Discontinued calendar software

Mozilla Sunbird is a discontinued free and open-source, cross-platform calendar application that was developed by the Mozilla Foundation, Sun Microsystems and many volunteers. Mozilla Sunbird was described as "a cross platform standalone calendar application based on Mozilla's XUL user interface language". Announced in July 2003, Sunbird was a standalone version of the Mozilla Calendar Project. The first version released was in 2005, and subsequent releases added better support for handling invitations from Microsoft Outlook users, as well as connectivity with Google Calendar.

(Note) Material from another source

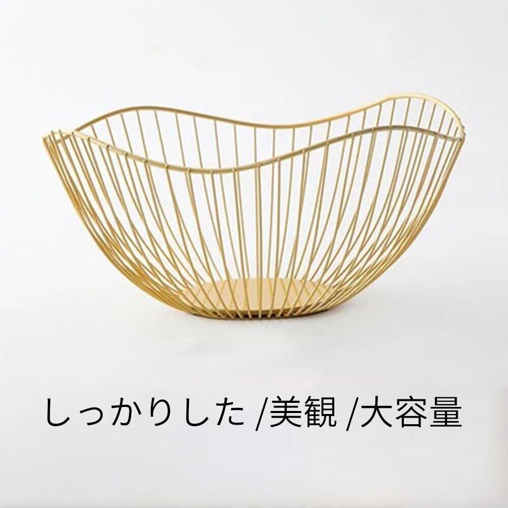 北欧 果物バスケットフルーツ収納 フルーツボウル 大容量 おしゃれ 長持ち 果物 籠 メタルワイヤー ゴールド・ブラック(ゴールド)

It was developed as a standalone version of the Lightning calendar and scheduling extension for the Mozilla Thunderbird and SeaMonkey mail clients. Development of Sunbird was ended with release 1.0 beta 1 to focus on development of Mozilla Lightning. The latest development version of Sunbird remains 1.0b1 from January 2010, and no later version has been announced. Unlike Lightning, Sunbird no longer receives updates to its time zone database.

==Sun contributions==
Sun Microsystems contributed significantly to the Lightning extension project to provide users with a free and open-source alternative to Microsoft Office by combining OpenOffice.org and Thunderbird/Lightning. Sun's key focus areas in addition to general bug fixing were calendar views, team/collaboration features and support for the Sun Java System Calendar Server. Since both projects share the same code base, any contribution to one is a direct contribution to the other.

==Trademark issues and Iceowl==

Although it is released under a MPL, MPL/GPL/LGPL tri-license, there are trademark restrictions in place on Mozilla Sunbird which prevent the distribution of modified versions with the Mozilla branding.

As a result, the Debian project created Iceowl, a virtually identical version without the branding restrictions.